On the worst days, when troubles come at the insurers behind your clients' life insurance policies, disability insurance policies and annuity contracts, they might come in groups.

Alla Gil

Gil studied math at Voronezh State University, and worked as a risk management specialist at the managing director level and partner level at Citigroup, Nomura International and Goldman Sachs from 1997 through 2009.

While at those companies, she helped big investment banks apply the same kinds of modern mathematical techniques that physicists and theoretical computer scientists use to their credit derivatives.

She spent two years at a financial technology firm, then started her own consulting firm to help the investment banks' financial institution clients apply modern mathematical techniques to analyze their investment risk.

She helped launch Straterix in 2015.

The Math of Doom

Gil acknowledged last week in an interview that life insurers have no shortage of mathematical expertise.

"They have institutes full of statisticians and actuaries," Gil said.

But Gil said she believes that typical life insurance company "quants" are used to analyzing risks that have little influence on one another.

In the world of investment management, she said, one terrible event can suddenly make many other terrible, supposedly rare events occur at the same time.

A bad storm could lead to spiking interest rates, a stock market crash and high inflation rates, and an earthquake that occurs while all of those disasters are underway could add to the misery, and lead to aftereffects that keep the period of misery going, Gil said.

The result is that, instead of a friendly bell-shaped curve describing risk distribution in the investment markets, the curve that applies is a "fat tail value at risk curve."

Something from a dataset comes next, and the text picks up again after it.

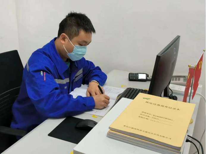 產(chǎn)業(yè)公司江跳線維管項(xiàng)目部九龍園機(jī)電工班組長(zhǎng)、團(tuán)員青年陳俊男正在填寫值班當(dāng)日機(jī)電設(shè)備巡檢記錄
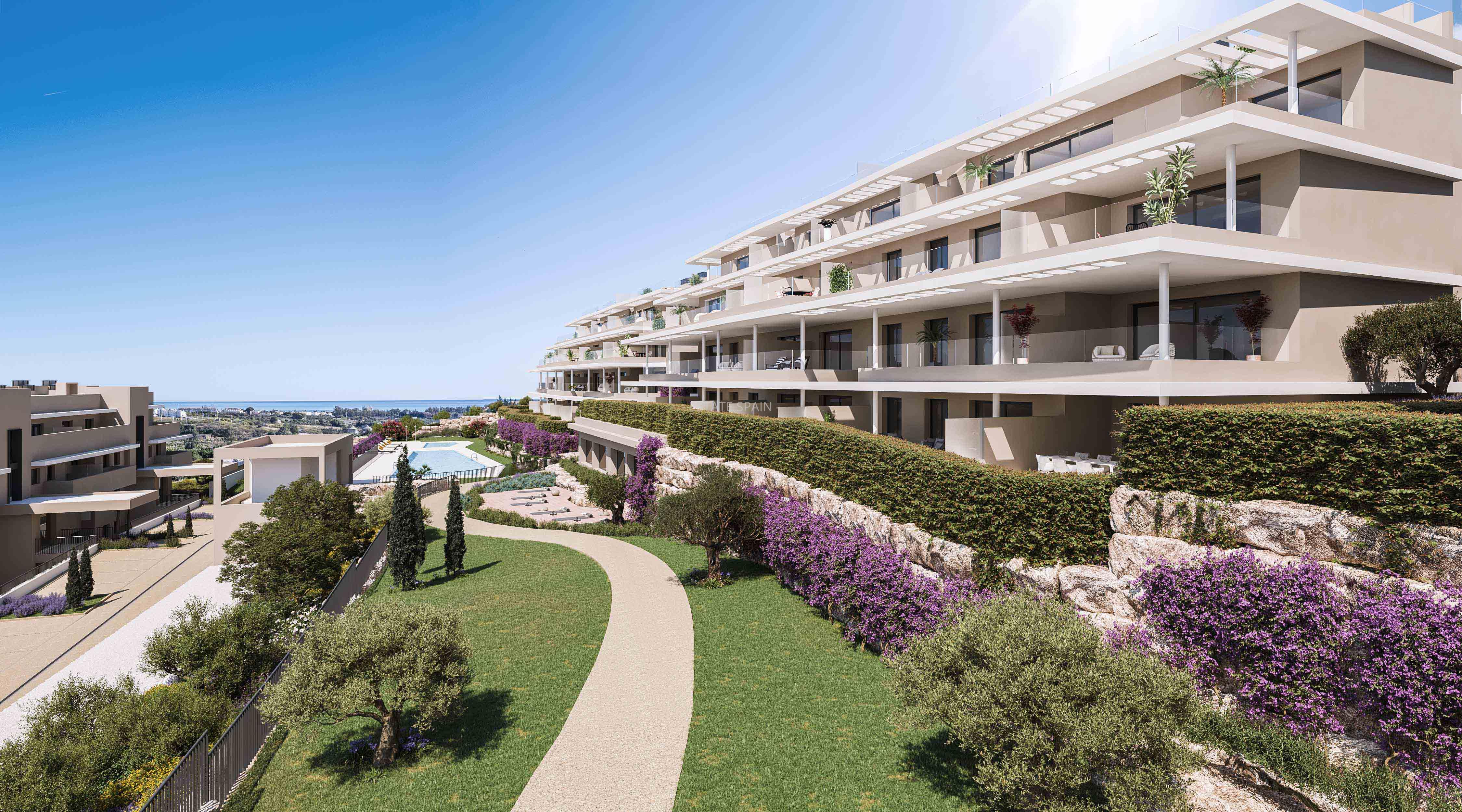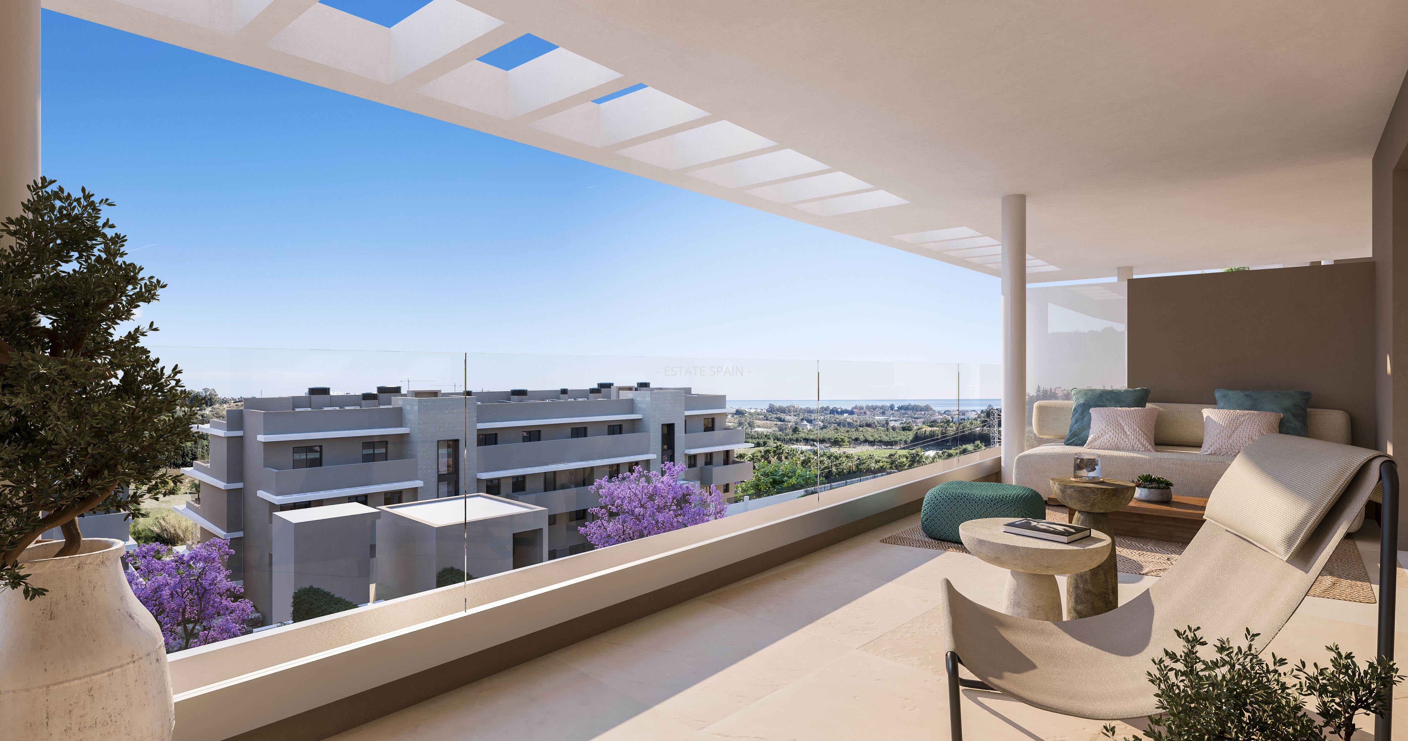 Новое, меблированное бунгало в Эстепоне, Андалусия, Коста-дель-Соль. В бунгало площадью 101 кв.м есть 2 cпальни, 2 санузла, гостиная и кухня. Из окон открывается замечательный вид на море. На территории есть сад.

In a high school math book, extreme tail risk is a little sliver of bad outcomes on the right side of the bell. In the real investment world, the right side of the curve may be a thick glob of potential catastrophes, according to the fat tail value at risk approach.

Instead of using traditional techniques for analyzing economic risks mostly separately, life insurers should use techniques such as jump diffusion theory to capture how one big shock can create ripples that roll back and forth through the economy, making risks rise together, fall and move in ways never seen before, Gil said.

The good news, Gil said, is that life insurers that generate the right mix of economic scenarios can see where the tangled threads of bad outcomes lie.

If life insures see the tangles of bad outcomes, they may be able to come up with strategies for preventing those bad outcomes from occurring, she said.